Records provided -
:::::

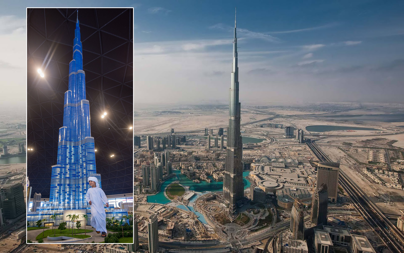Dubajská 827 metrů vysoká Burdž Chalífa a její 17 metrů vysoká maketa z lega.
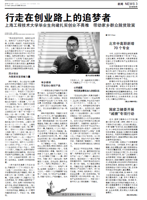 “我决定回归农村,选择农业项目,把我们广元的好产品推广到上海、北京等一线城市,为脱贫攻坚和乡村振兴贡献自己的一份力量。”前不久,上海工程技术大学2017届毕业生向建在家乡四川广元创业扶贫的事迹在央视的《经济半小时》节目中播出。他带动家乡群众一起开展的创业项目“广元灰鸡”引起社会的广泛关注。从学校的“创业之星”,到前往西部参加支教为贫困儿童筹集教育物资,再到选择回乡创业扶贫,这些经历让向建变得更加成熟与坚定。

:::::

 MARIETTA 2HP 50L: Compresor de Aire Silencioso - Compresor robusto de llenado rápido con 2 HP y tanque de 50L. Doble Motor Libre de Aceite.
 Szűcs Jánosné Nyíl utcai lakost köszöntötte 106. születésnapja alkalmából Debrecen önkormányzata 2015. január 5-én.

:::::

Task to complete -
The response should be the listing above, limited to the lines between the one holding "MARIETTA 2HP 50L: Compresor" and the one holding "Szűcs Jánosné Nyíl", inclusive, reproduced exactly.

Your solution -
 MARIETTA 2HP 50L: Compresor de Aire Silencioso - Compresor robusto de llenado rápido con 2 HP y tanque de 50L. Doble Motor Libre de Aceite.
 Szűcs Jánosné Nyíl utcai lakost köszöntötte 106. születésnapja alkalmából Debrecen önkormányzata 2015. január 5-én.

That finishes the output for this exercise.